* **TASK**: An exact transcription of all the data is required, with every image removed.

* **SUPPLIED MATERIAL**:
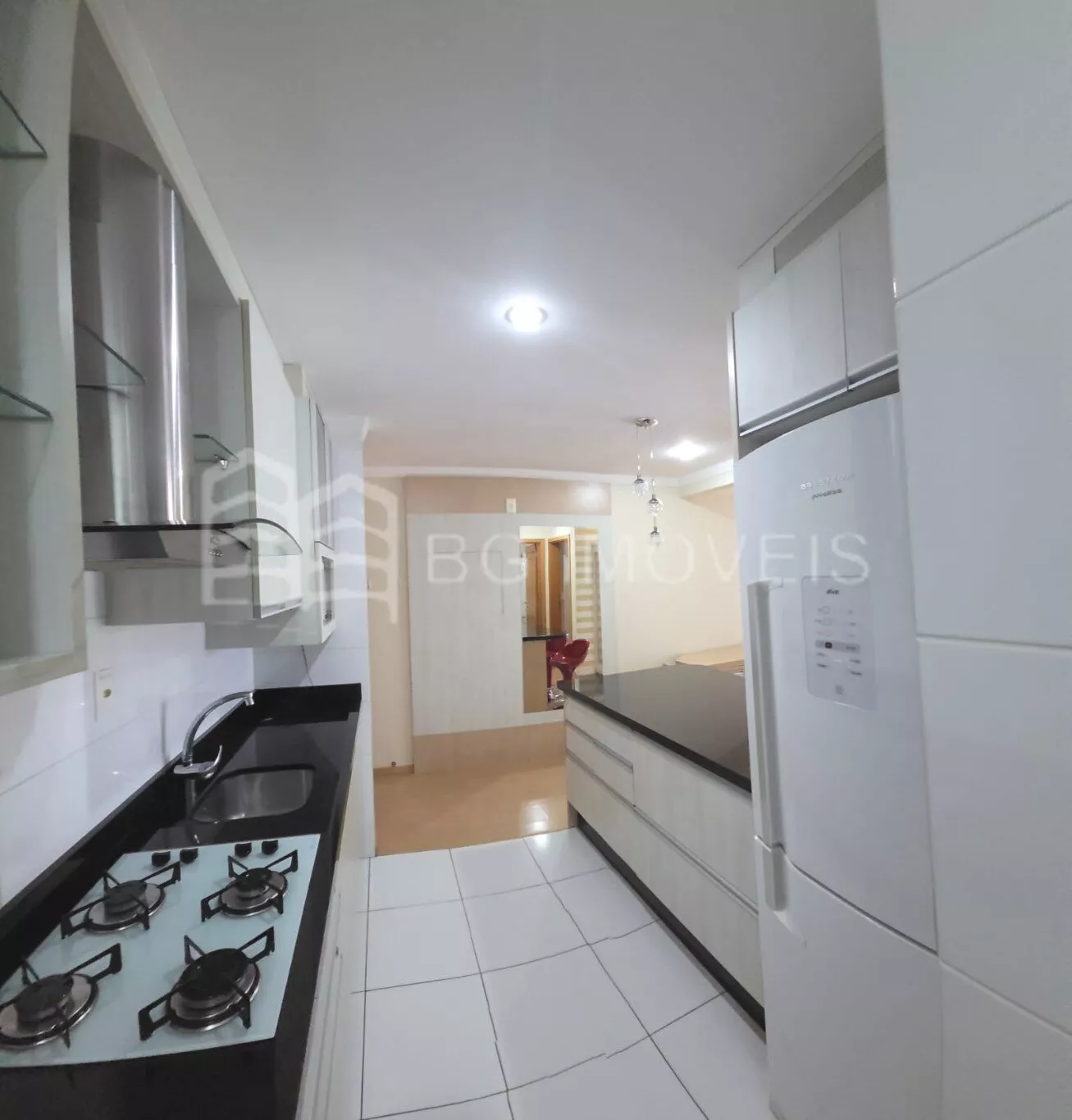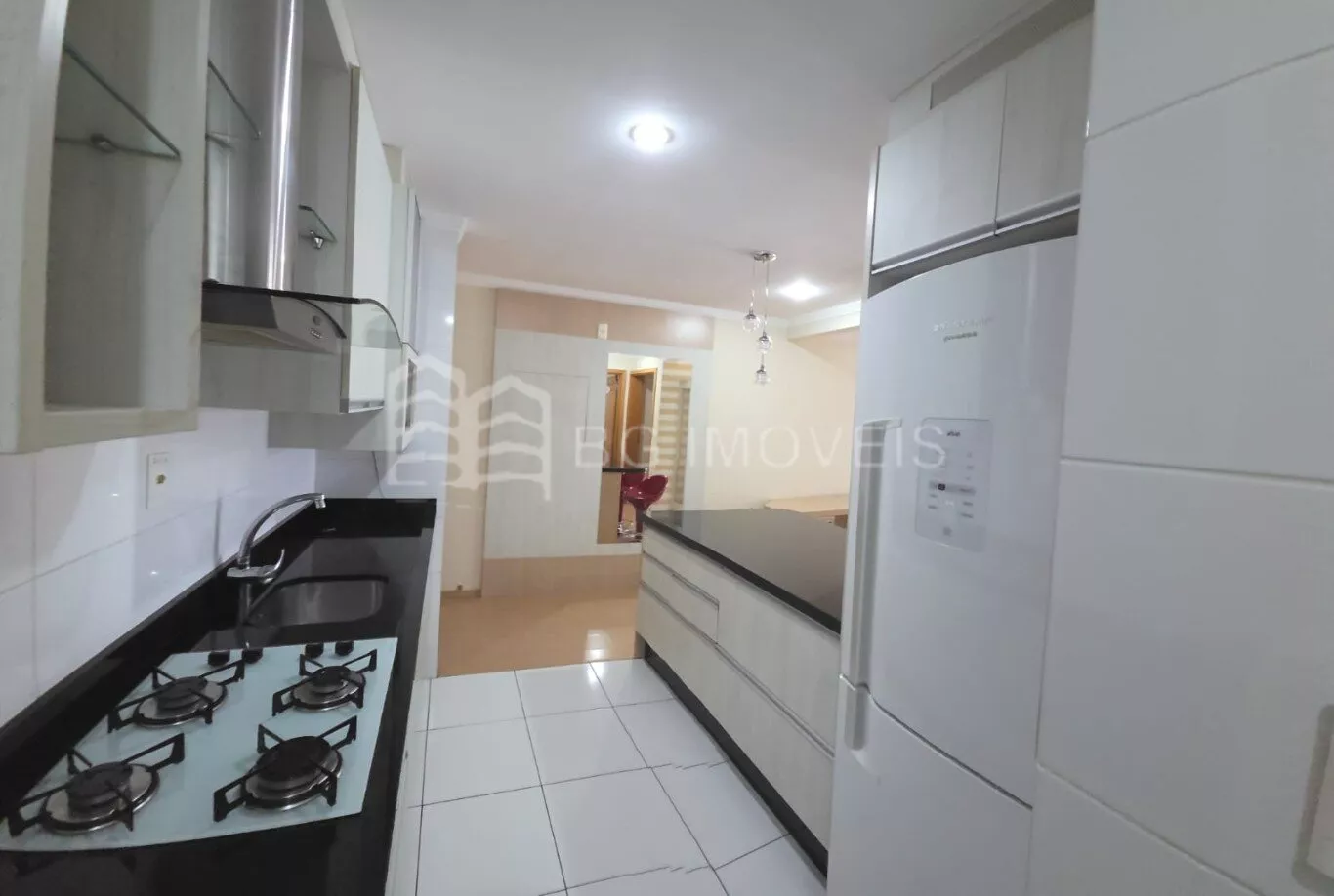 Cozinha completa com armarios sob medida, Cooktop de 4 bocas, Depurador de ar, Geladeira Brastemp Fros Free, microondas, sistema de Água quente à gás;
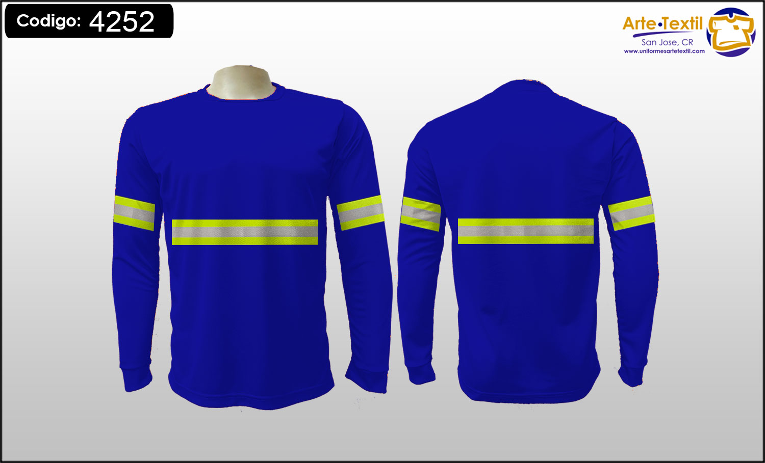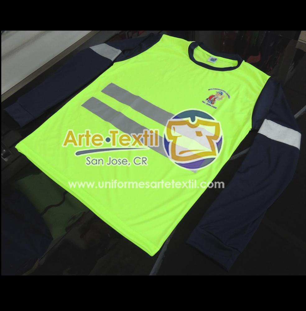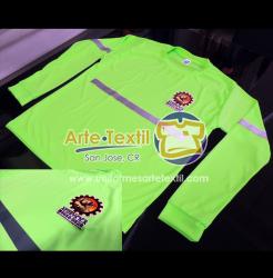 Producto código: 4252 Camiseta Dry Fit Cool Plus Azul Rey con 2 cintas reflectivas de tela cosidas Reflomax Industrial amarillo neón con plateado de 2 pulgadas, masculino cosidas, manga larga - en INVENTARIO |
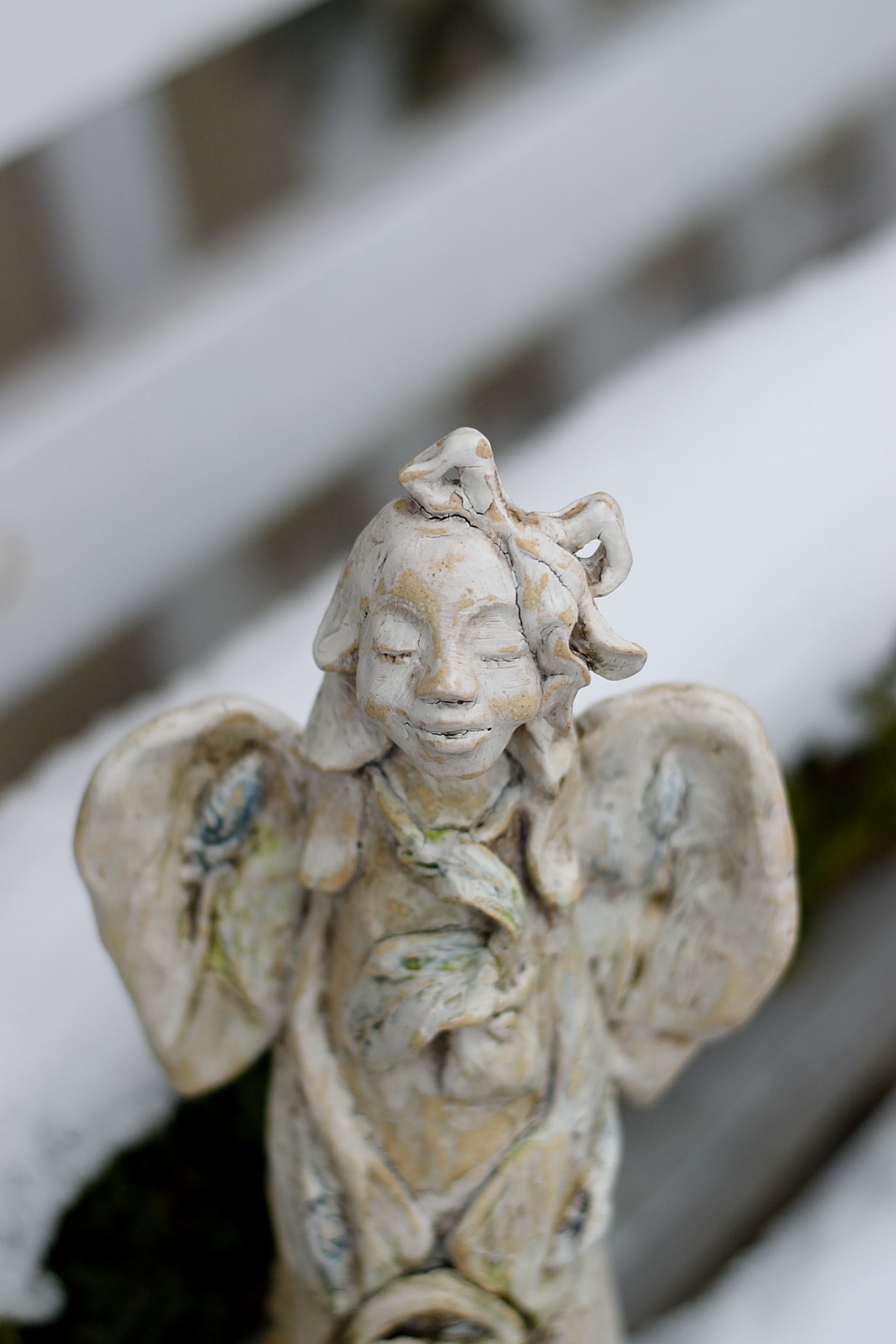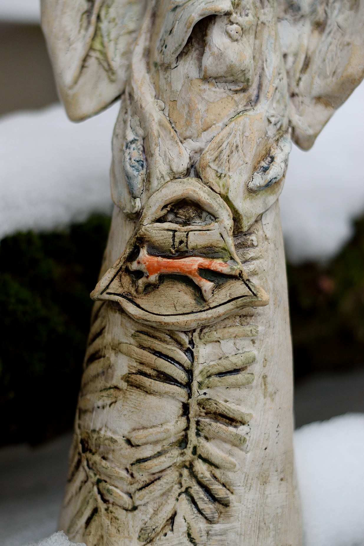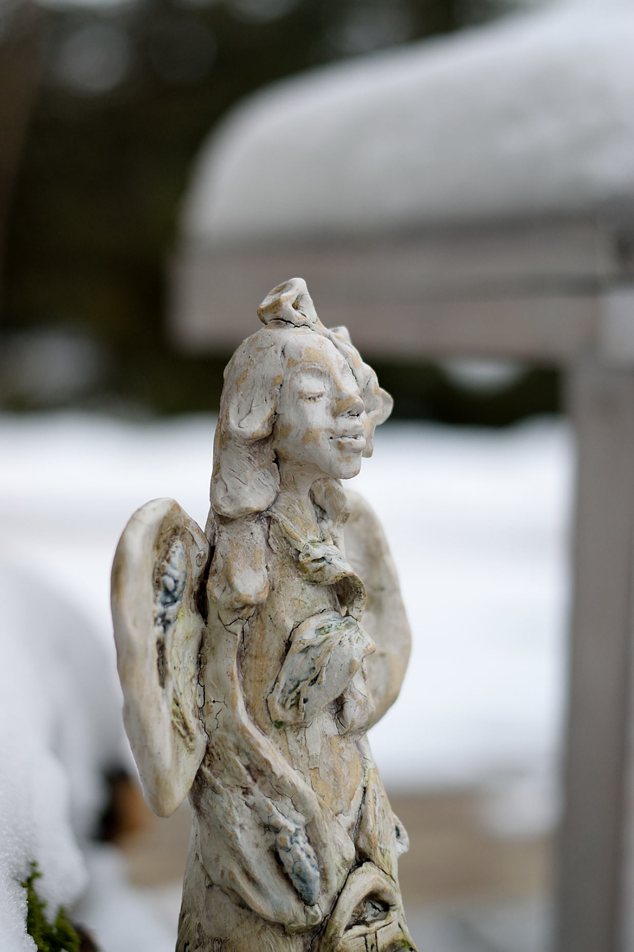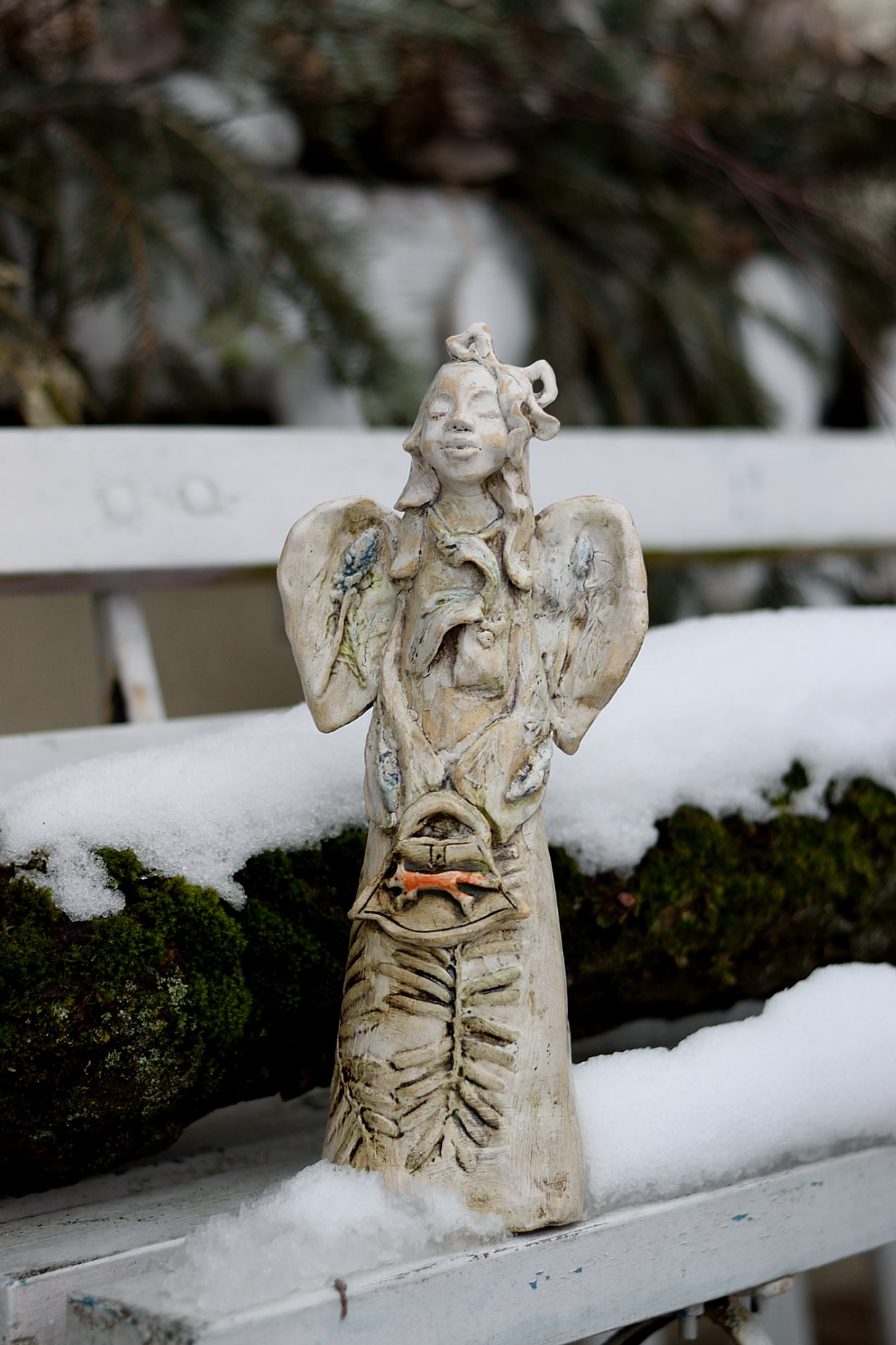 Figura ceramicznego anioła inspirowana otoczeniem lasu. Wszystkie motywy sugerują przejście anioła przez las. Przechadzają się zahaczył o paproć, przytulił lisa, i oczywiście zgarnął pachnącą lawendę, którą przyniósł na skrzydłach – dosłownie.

* **ANSWER BOX**:
 Cozinha completa com armarios sob medida, Cooktop de 4 bocas, Depurador de ar, Geladeira Brastemp Fros Free, microondas, sistema de Água quente à gás;
 Producto código: 4252 Camiseta Dry Fit Cool Plus Azul Rey con 2 cintas reflectivas de tela cosidas Reflomax Industrial amarillo neón con plateado de 2 pulgadas, masculino cosidas, manga larga - en INVENTARIO |
 Figura ceramicznego anioła inspirowana otoczeniem lasu. Wszystkie motywy sugerują przejście anioła przez las. Przechadzają się zahaczył o paproć, przytulił lisa, i oczywiście zgarnął pachnącą lawendę, którą przyniósł na skrzydłach – dosłownie.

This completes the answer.